**WHAT THE EXERCISE ASKS**
Each record here should be printed again exactly; please leave its pictures out.

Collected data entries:
---------------

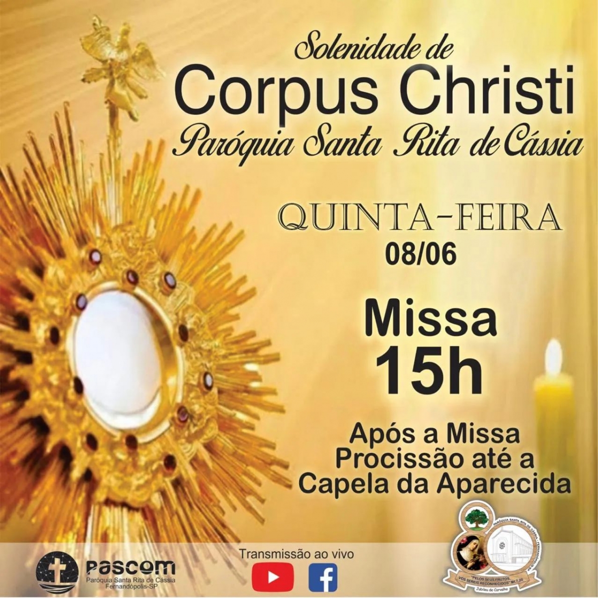 A Solenidade de Corpus Christi na Paróquia Santa Rita de Cássia, de Fernandópolis, terá início às 15h com a missa e, em seguida, o padre e os fiéis seguirão em procissão com o Corpo de Cristo pelas ruas enfeitadas com os tapetes até a Capela Aparecida.
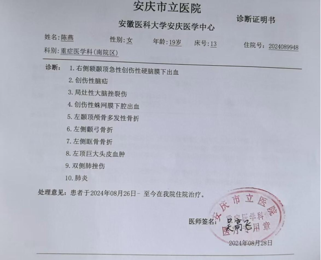 秋季学期开学前夕,我校音乐教育学院2023级学前教育专业学生陈燕在回家途中,突遇重大交通事故,脑部遭受重创,目前已在医院接受两次颅腔手术。其爷爷、奶奶长期服药,父亲残疾,母亲无收入来源,高昂的治疗费用让这个本就经济困难的家庭雪上加霜。
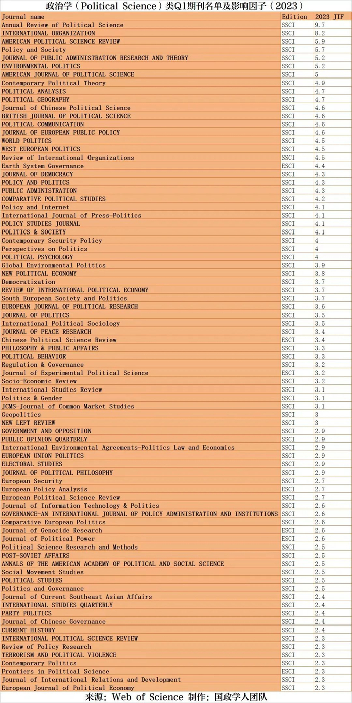 在政治学类期刊中,有317本SSCI和ESCI期刊入选,包括187本SSCI期刊和128本ESCI期刊。排名前三的期刊为《政治学年鉴》(Annual Review of Political Science)、《国际组织》(International Organization)和《美国政治学评论》(American Political Science Review),影响因子分别是9.7、8.2和5.9。复旦大学国际关系与公共事务学院主办、施普林格自然(Springer Nature)出版社出版的ESCI期刊《中国政治学评论》(Chinese Political Science Review)影响因子为3.4,在317本政治学类期刊中排名第38位(位居Q1区)。
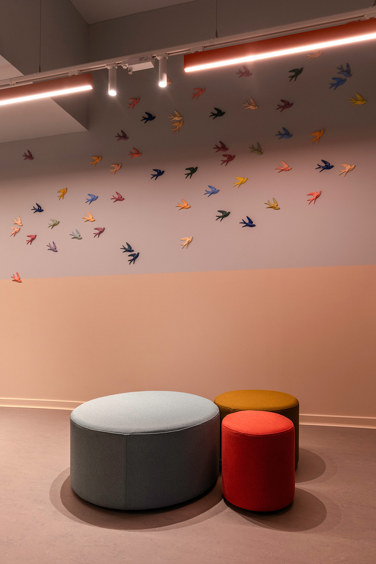 Dans ce lieu de soutien psychologique, la lumière joue un rôle thérapeutique. Elle structure les zones, sécurise les cheminements et guide sans effort les visiteurs. Les contrastes doux invitent au relâchement. Les couleurs contribuent à recréer une atmosphère domestique, presque familière.
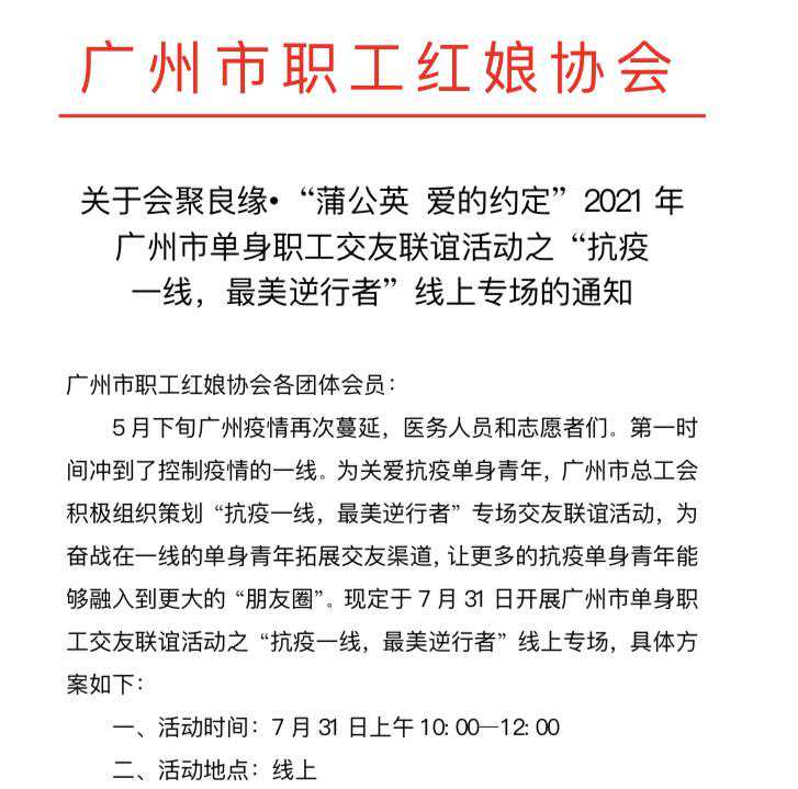 记者从一份《广州市职工红娘协会2021年活动汇总表》(以下简称《活动汇总表》)获悉,该协会每月至少举办一场主题单身职工交友联谊活动。每场的活动主题各有不同:2月适逢春节,政府号召广大职工“留穗过年”,当月协会推出“花城有爱穗岁有缘”广州市单身职工交友联谊活动;5月草长莺飞,适宜走向户外,协会举办广州市单身职工交友联谊活动之“种下同心树,共筑幸福梦”。根据该份《活动汇总表》,截至2021年8月底,今年以来,该协会将共计举办11场不同主题的线上、线下的交友联谊活动,累计参与的广州市单身职工为1008人次。“交友联谊活动的形式、场地、主题都在不断创新。形式从模仿‘非诚勿扰’到‘以茶会友’‘以花会友’,场地从固定场所到登山漫步、主题打卡和开心野炊等。还举办开设烘焙主题专场、电影专场,将交友联谊与植树、文化非遗传承结合起来。”广州市职工红娘协会活动组织策划工作人员牛晓斐说。
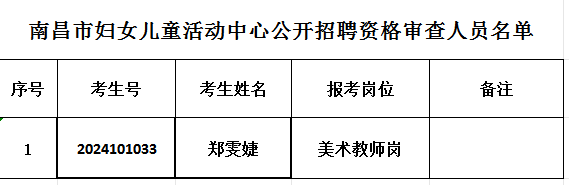 2024年南昌市妇女儿童活动中心公开招聘资格审查人员名单公示
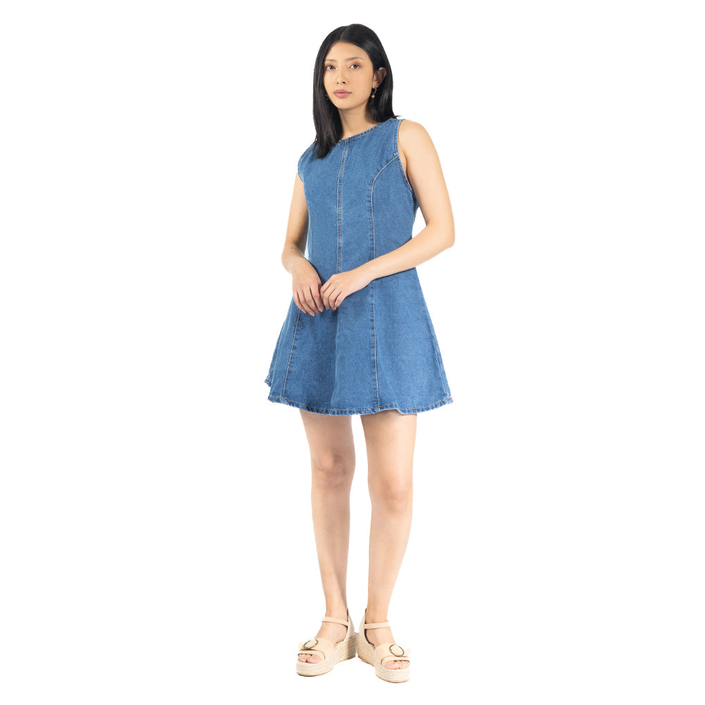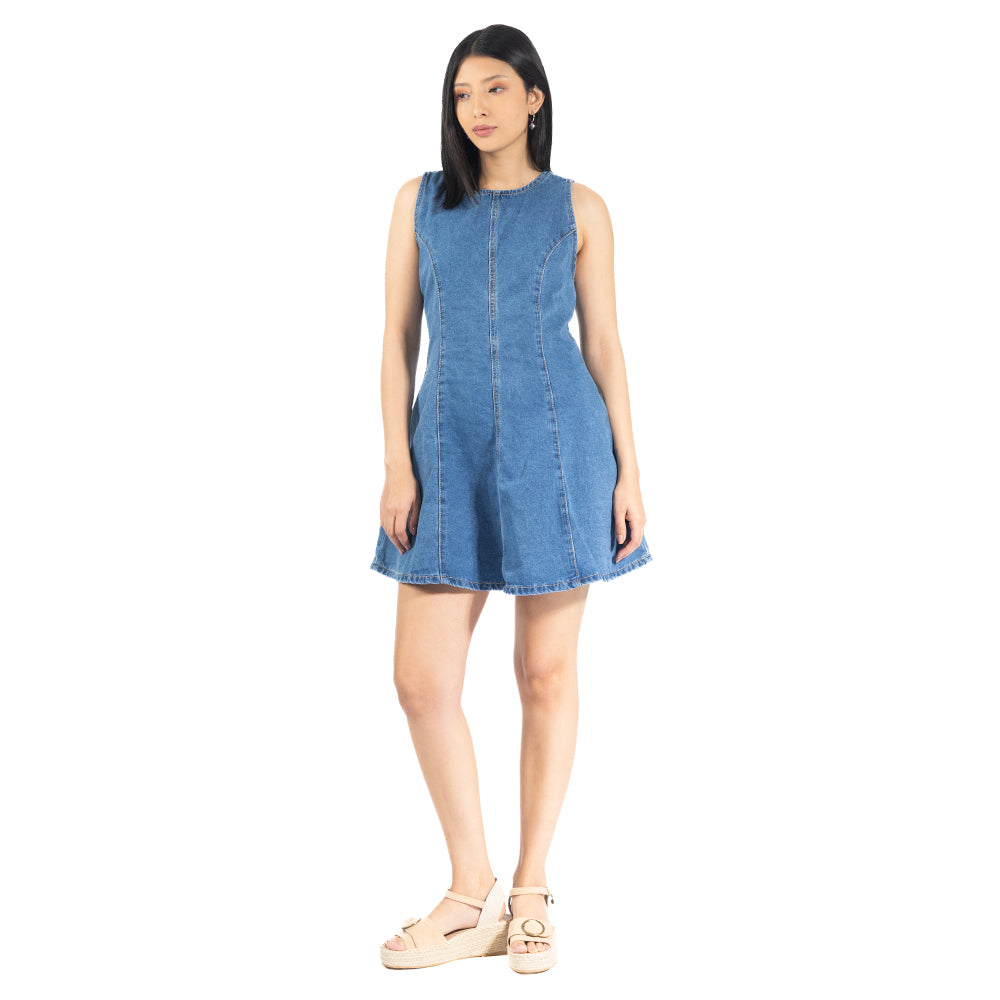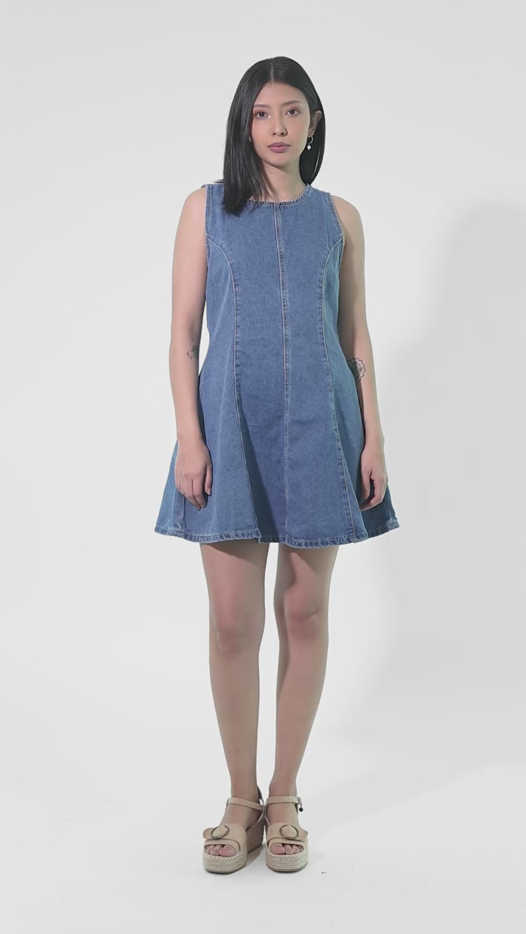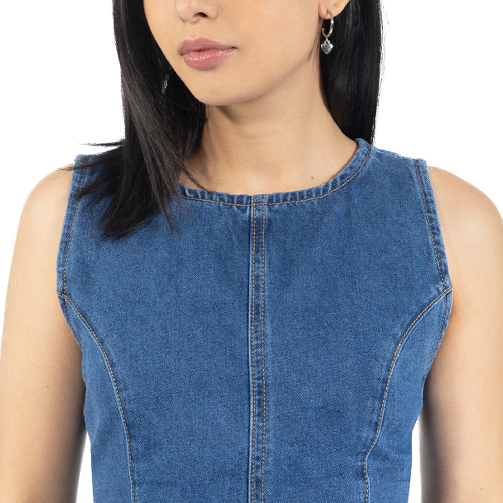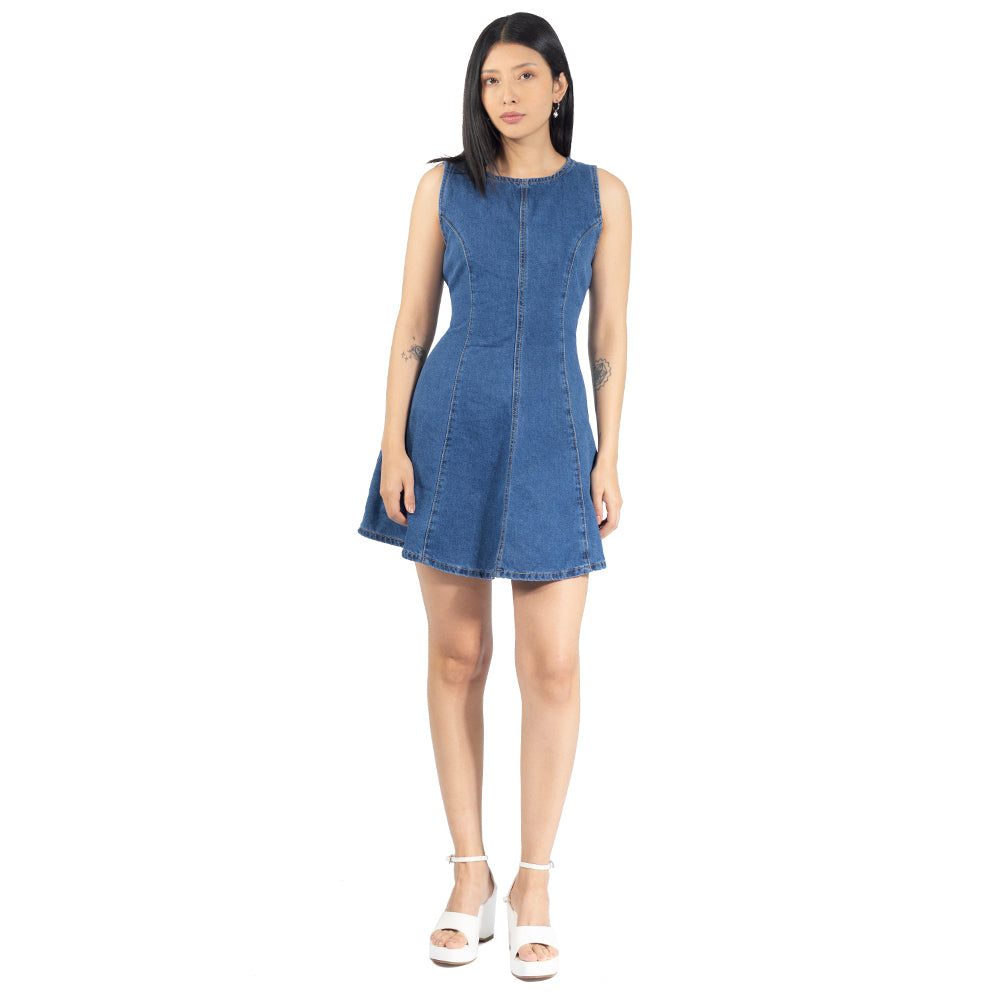 Vestido denim sin mangas con cortes al frente y falda de línea amplia, para un look marcado arriba y con más movimiento abajo.
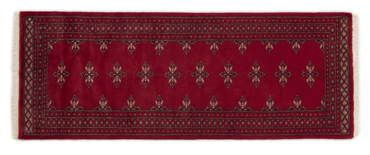 Una gran parte de la producción de alfombras pakistaníes tiene lugar en las ciudades de Lahore y Karachi y sus alrededores. Muchos de los tejedores de alfombras de esa época huyeron a Pakistán durante la guerra con la India y se establecieron allí. Hoy en día, se conocen especialmente las alfombras anudadas a mano de Pakistán Bukhara. Al igual que las alfombras orientales afganas, las alfombras paquistaníes también son de colores oscuros y en su mayoría tienen tonos rojos. También el conocido patrón de pata de elefante (patrón octogonal repetido) se puede encontrar en un pakistaní.
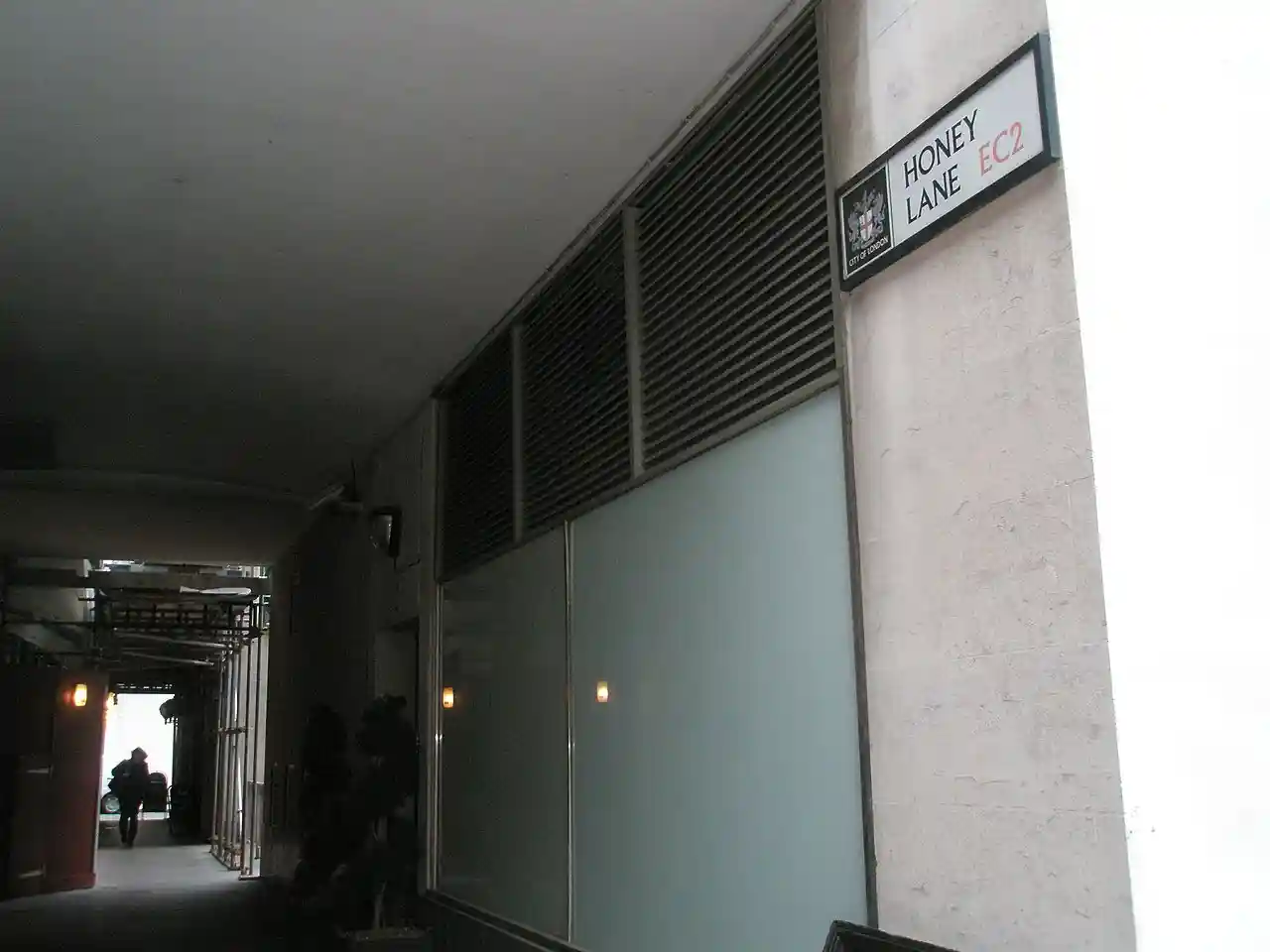 All Hallows, Honey Lane was a parish church in the City of London, England. Of medieval origin, it was destroyed in the Great Fire of London in 1666 and not rebuilt; the site became part of Honey Lane Market, which was in turn partially cleared to make way for the City of London School in the 19th century. Much of the area was destroyed during the bombing in World War II and has been redeveloped. The name Honey Lane is retained in a nearby walkway. Read more on Wikipedia

---------------

**SOLUTION TO THIS PROBLEM**
 A Solenidade de Corpus Christi na Paróquia Santa Rita de Cássia, de Fernandópolis, terá início às 15h com a missa e, em seguida, o padre e os fiéis seguirão em procissão com o Corpo de Cristo pelas ruas enfeitadas com os tapetes até a Capela Aparecida.
 秋季学期开学前夕,我校音乐教育学院2023级学前教育专业学生陈燕在回家途中,突遇重大交通事故,脑部遭受重创,目前已在医院接受两次颅腔手术。其爷爷、奶奶长期服药,父亲残疾,母亲无收入来源,高昂的治疗费用让这个本就经济困难的家庭雪上加霜。
 在政治学类期刊中,有317本SSCI和ESCI期刊入选,包括187本SSCI期刊和128本ESCI期刊。排名前三的期刊为《政治学年鉴》(Annual Review of Political Science)、《国际组织》(International Organization)和《美国政治学评论》(American Political Science Review),影响因子分别是9.7、8.2和5.9。复旦大学国际关系与公共事务学院主办、施普林格自然(Springer Nature)出版社出版的ESCI期刊《中国政治学评论》(Chinese Political Science Review)影响因子为3.4,在317本政治学类期刊中排名第38位(位居Q1区)。
 Dans ce lieu de soutien psychologique, la lumière joue un rôle thérapeutique. Elle structure les zones, sécurise les cheminements et guide sans effort les visiteurs. Les contrastes doux invitent au relâchement. Les couleurs contribuent à recréer une atmosphère domestique, presque familière.
 记者从一份《广州市职工红娘协会2021年活动汇总表》(以下简称《活动汇总表》)获悉,该协会每月至少举办一场主题单身职工交友联谊活动。每场的活动主题各有不同:2月适逢春节,政府号召广大职工“留穗过年”,当月协会推出“花城有爱穗岁有缘”广州市单身职工交友联谊活动;5月草长莺飞,适宜走向户外,协会举办广州市单身职工交友联谊活动之“种下同心树,共筑幸福梦”。根据该份《活动汇总表》,截至2021年8月底,今年以来,该协会将共计举办11场不同主题的线上、线下的交友联谊活动,累计参与的广州市单身职工为1008人次。“交友联谊活动的形式、场地、主题都在不断创新。形式从模仿‘非诚勿扰’到‘以茶会友’‘以花会友’,场地从固定场所到登山漫步、主题打卡和开心野炊等。还举办开设烘焙主题专场、电影专场,将交友联谊与植树、文化非遗传承结合起来。”广州市职工红娘协会活动组织策划工作人员牛晓斐说。
 2024年南昌市妇女儿童活动中心公开招聘资格审查人员名单公示
 Vestido denim sin mangas con cortes al frente y falda de línea amplia, para un look marcado arriba y con más movimiento abajo.
 Una gran parte de la producción de alfombras pakistaníes tiene lugar en las ciudades de Lahore y Karachi y sus alrededores. Muchos de los tejedores de alfombras de esa época huyeron a Pakistán durante la guerra con la India y se establecieron allí. Hoy en día, se conocen especialmente las alfombras anudadas a mano de Pakistán Bukhara. Al igual que las alfombras orientales afganas, las alfombras paquistaníes también son de colores oscuros y en su mayoría tienen tonos rojos. También el conocido patrón de pata de elefante (patrón octogonal repetido) se puede encontrar en un pakistaní.
 All Hallows, Honey Lane was a parish church in the City of London, England. Of medieval origin, it was destroyed in the Great Fire of London in 1666 and not rebuilt; the site became part of Honey Lane Market, which was in turn partially cleared to make way for the City of London School in the 19th century. Much of the area was destroyed during the bombing in World War II and has been redeveloped. The name Honey Lane is retained in a nearby walkway. Read more on Wikipedia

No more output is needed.